Prompt — The required output holds only the lines from the one containing "เมื่อวันที่ 7 เมษายน" through the end of the material below, copied exactly, please, with no pictures.

Input —
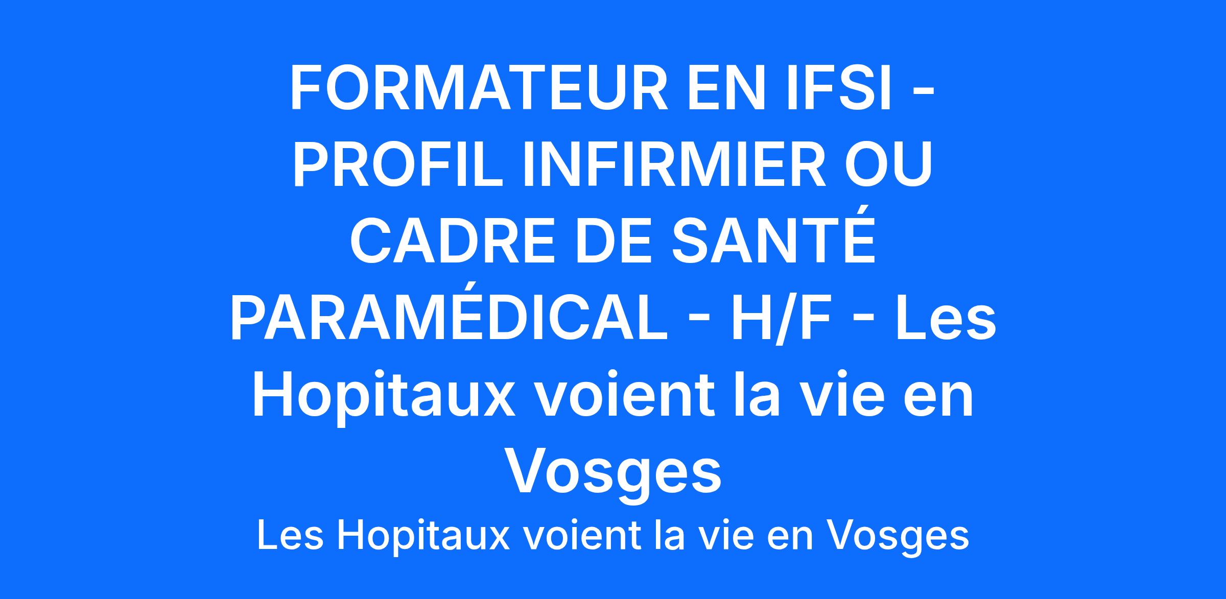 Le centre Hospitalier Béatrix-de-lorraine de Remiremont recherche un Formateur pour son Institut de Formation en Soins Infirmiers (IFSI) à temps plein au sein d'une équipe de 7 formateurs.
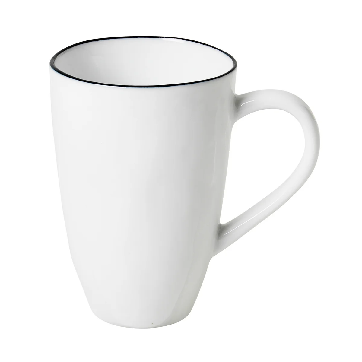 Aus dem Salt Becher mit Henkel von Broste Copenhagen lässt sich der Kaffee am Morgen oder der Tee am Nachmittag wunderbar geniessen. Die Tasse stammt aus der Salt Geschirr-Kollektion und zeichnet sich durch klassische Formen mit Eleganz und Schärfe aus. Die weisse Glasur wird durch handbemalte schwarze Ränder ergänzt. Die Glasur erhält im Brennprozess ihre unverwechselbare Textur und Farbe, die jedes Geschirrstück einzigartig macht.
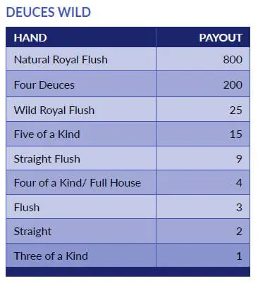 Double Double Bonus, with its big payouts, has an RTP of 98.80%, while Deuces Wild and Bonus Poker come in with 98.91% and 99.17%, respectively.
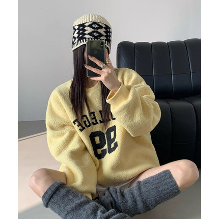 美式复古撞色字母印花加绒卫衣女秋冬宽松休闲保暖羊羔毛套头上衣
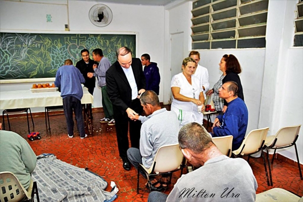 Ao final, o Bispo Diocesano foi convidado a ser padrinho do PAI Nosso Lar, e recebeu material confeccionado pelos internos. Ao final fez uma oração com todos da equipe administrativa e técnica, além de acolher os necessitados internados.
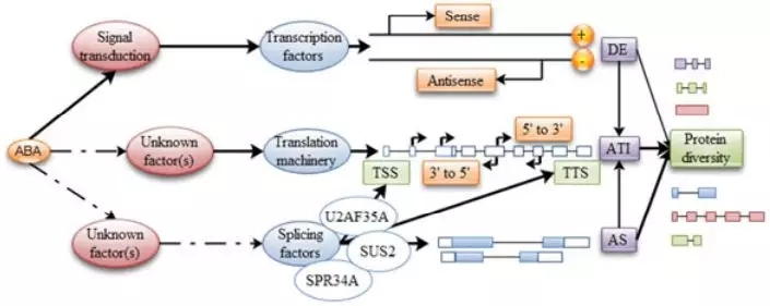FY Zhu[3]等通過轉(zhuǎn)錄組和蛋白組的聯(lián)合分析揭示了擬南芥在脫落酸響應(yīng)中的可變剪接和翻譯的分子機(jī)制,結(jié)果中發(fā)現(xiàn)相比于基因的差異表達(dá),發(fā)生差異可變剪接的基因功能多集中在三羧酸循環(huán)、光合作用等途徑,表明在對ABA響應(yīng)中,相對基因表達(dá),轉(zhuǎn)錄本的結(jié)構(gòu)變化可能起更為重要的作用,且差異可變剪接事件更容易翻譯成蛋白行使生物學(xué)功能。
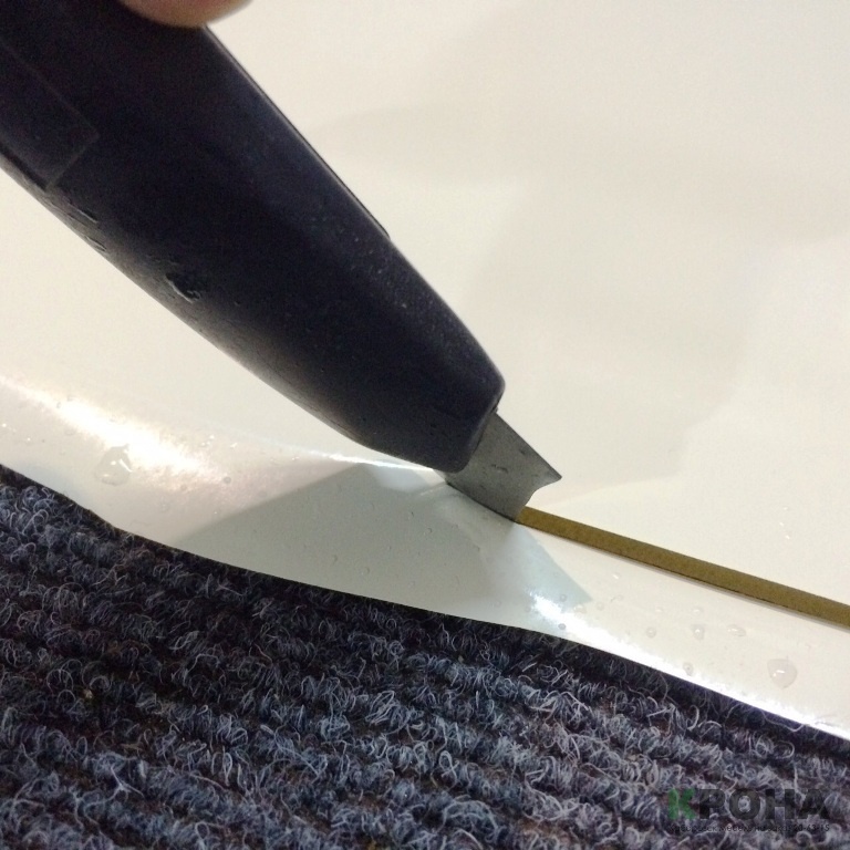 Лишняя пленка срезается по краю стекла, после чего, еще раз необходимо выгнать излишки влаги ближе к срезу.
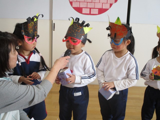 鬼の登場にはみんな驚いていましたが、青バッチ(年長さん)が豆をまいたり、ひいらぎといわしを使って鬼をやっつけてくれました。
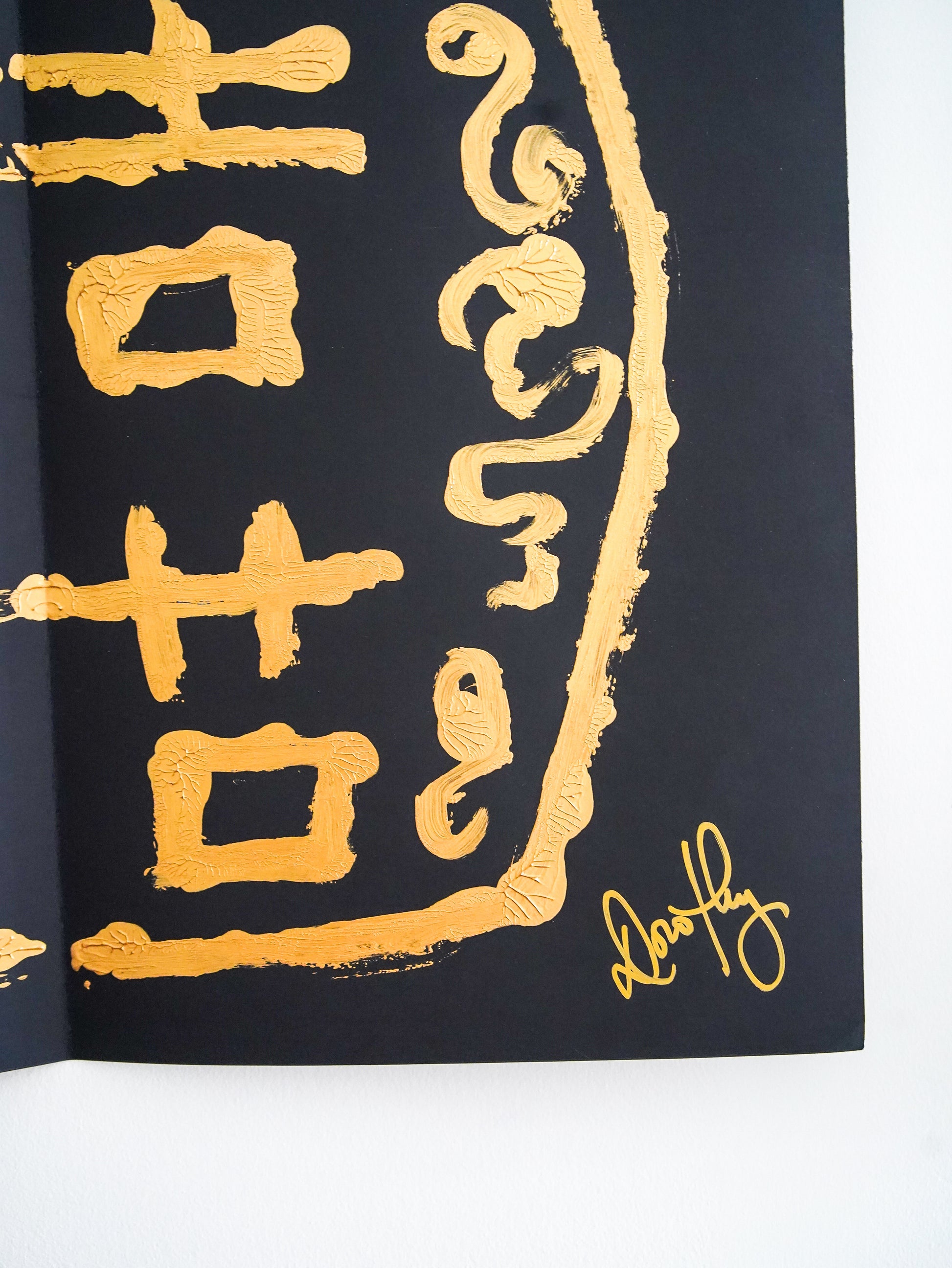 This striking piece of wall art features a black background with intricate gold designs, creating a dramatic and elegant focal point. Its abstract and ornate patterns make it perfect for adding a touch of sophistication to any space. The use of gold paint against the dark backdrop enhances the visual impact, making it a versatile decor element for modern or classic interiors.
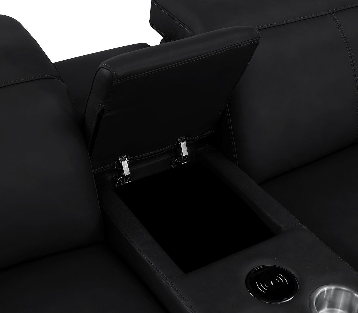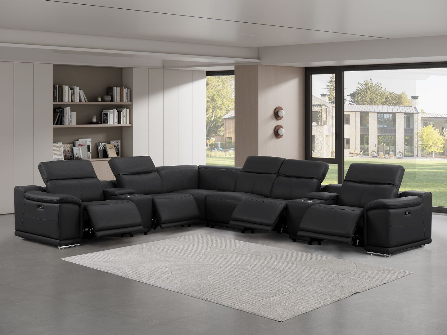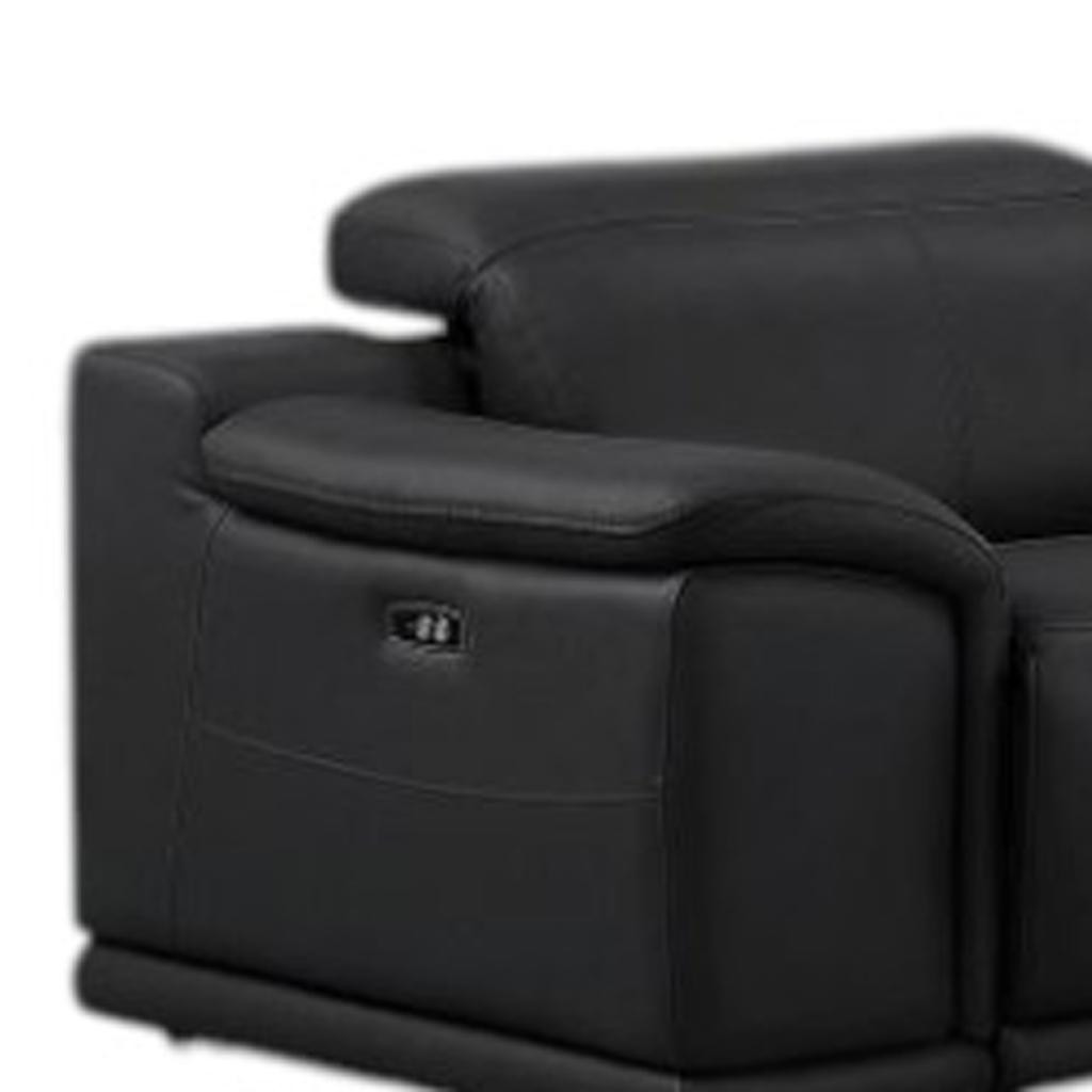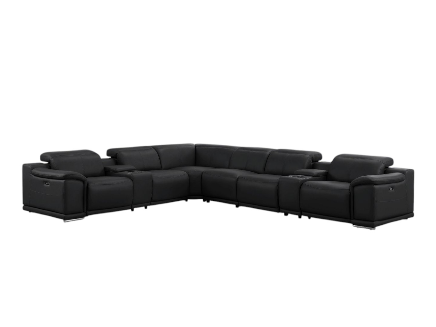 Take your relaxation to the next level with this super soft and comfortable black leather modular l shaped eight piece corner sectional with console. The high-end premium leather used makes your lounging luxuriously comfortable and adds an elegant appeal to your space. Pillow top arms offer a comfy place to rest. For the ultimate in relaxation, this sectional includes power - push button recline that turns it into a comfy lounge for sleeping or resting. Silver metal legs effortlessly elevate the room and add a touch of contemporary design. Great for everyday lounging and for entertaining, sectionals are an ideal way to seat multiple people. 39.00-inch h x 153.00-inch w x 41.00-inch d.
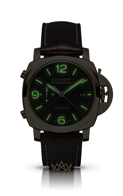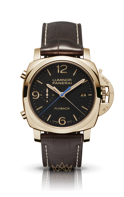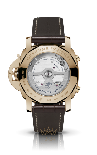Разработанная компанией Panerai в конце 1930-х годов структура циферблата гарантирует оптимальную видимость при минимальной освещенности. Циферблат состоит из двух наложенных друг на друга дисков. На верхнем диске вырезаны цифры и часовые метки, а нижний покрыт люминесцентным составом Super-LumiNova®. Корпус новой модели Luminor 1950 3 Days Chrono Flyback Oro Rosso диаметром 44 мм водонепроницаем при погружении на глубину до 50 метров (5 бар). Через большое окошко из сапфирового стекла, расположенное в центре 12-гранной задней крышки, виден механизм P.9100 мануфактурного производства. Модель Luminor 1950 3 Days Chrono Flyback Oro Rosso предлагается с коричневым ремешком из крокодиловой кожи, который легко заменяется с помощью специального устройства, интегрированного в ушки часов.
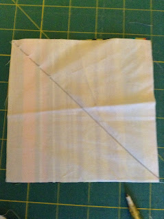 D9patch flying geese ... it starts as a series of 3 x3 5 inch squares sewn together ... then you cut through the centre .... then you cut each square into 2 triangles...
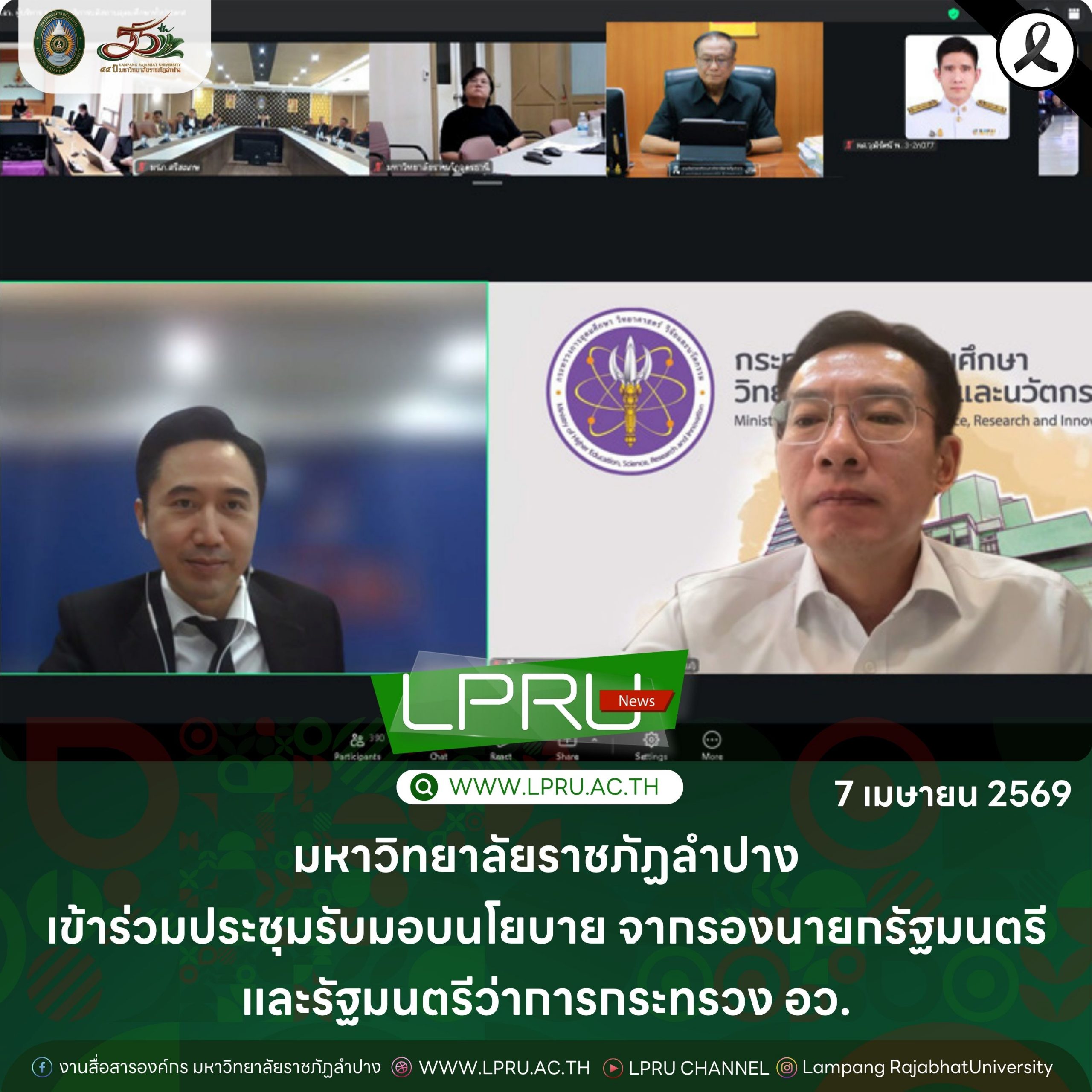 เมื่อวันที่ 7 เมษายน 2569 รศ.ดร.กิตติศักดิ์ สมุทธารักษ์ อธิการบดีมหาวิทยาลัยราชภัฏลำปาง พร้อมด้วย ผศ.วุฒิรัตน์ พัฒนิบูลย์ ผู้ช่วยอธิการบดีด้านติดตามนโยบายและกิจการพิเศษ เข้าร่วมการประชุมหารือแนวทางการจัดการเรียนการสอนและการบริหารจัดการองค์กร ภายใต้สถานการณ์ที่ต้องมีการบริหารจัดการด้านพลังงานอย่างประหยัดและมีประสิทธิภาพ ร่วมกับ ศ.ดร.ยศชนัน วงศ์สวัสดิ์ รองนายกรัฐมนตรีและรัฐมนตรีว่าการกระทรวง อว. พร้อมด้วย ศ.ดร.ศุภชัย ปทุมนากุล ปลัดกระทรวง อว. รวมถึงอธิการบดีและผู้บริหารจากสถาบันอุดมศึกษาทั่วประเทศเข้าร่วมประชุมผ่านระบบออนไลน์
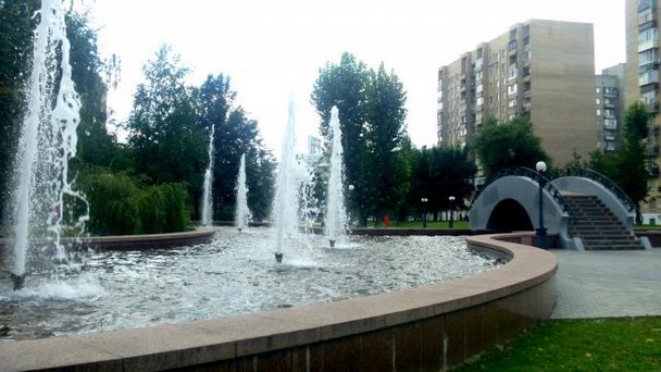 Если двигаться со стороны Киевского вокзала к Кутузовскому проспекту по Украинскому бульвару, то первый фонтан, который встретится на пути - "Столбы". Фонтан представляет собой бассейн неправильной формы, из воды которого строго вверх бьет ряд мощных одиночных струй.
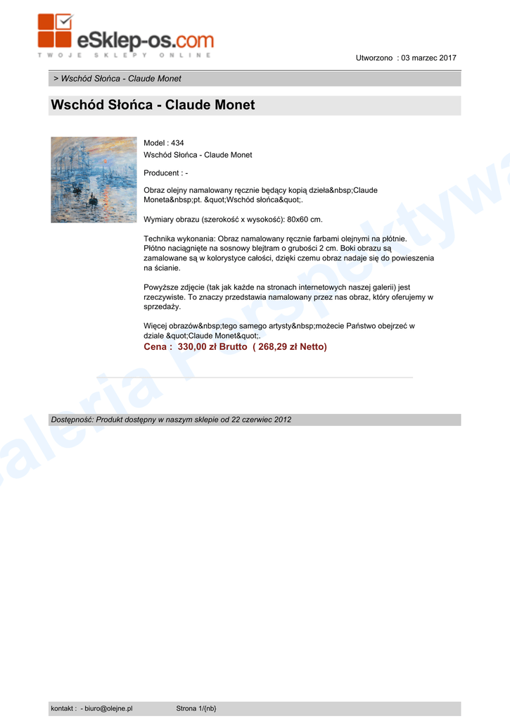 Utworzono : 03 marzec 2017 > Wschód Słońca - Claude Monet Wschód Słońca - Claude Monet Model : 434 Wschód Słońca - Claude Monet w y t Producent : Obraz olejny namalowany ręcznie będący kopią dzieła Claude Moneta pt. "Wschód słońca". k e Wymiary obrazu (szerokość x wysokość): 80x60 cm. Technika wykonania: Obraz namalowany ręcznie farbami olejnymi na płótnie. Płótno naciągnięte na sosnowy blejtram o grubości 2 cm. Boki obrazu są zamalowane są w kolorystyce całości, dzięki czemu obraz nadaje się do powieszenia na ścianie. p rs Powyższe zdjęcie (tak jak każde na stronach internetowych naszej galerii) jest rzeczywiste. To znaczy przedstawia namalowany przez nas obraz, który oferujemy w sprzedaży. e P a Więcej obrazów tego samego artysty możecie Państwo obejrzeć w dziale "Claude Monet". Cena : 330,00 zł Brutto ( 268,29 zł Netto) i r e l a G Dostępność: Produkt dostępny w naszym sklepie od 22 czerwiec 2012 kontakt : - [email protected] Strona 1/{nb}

Exercise answer —
 เมื่อวันที่ 7 เมษายน 2569 รศ.ดร.กิตติศักดิ์ สมุทธารักษ์ อธิการบดีมหาวิทยาลัยราชภัฏลำปาง พร้อมด้วย ผศ.วุฒิรัตน์ พัฒนิบูลย์ ผู้ช่วยอธิการบดีด้านติดตามนโยบายและกิจการพิเศษ เข้าร่วมการประชุมหารือแนวทางการจัดการเรียนการสอนและการบริหารจัดการองค์กร ภายใต้สถานการณ์ที่ต้องมีการบริหารจัดการด้านพลังงานอย่างประหยัดและมีประสิทธิภาพ ร่วมกับ ศ.ดร.ยศชนัน วงศ์สวัสดิ์ รองนายกรัฐมนตรีและรัฐมนตรีว่าการกระทรวง อว. พร้อมด้วย ศ.ดร.ศุภชัย ปทุมนากุล ปลัดกระทรวง อว. รวมถึงอธิการบดีและผู้บริหารจากสถาบันอุดมศึกษาทั่วประเทศเข้าร่วมประชุมผ่านระบบออนไลน์
 Если двигаться со стороны Киевского вокзала к Кутузовскому проспекту по Украинскому бульвару, то первый фонтан, который встретится на пути - "Столбы". Фонтан представляет собой бассейн неправильной формы, из воды которого строго вверх бьет ряд мощных одиночных струй.
 Utworzono : 03 marzec 2017 > Wschód Słońca - Claude Monet Wschód Słońca - Claude Monet Model : 434 Wschód Słońca - Claude Monet w y t Producent : Obraz olejny namalowany ręcznie będący kopią dzieła Claude Moneta pt. "Wschód słońca". k e Wymiary obrazu (szerokość x wysokość): 80x60 cm. Technika wykonania: Obraz namalowany ręcznie farbami olejnymi na płótnie. Płótno naciągnięte na sosnowy blejtram o grubości 2 cm. Boki obrazu są zamalowane są w kolorystyce całości, dzięki czemu obraz nadaje się do powieszenia na ścianie. p rs Powyższe zdjęcie (tak jak każde na stronach internetowych naszej galerii) jest rzeczywiste. To znaczy przedstawia namalowany przez nas obraz, który oferujemy w sprzedaży. e P a Więcej obrazów tego samego artysty możecie Państwo obejrzeć w dziale "Claude Monet". Cena : 330,00 zł Brutto ( 268,29 zł Netto) i r e l a G Dostępność: Produkt dostępny w naszym sklepie od 22 czerwiec 2012 kontakt : - [email protected] Strona 1/{nb}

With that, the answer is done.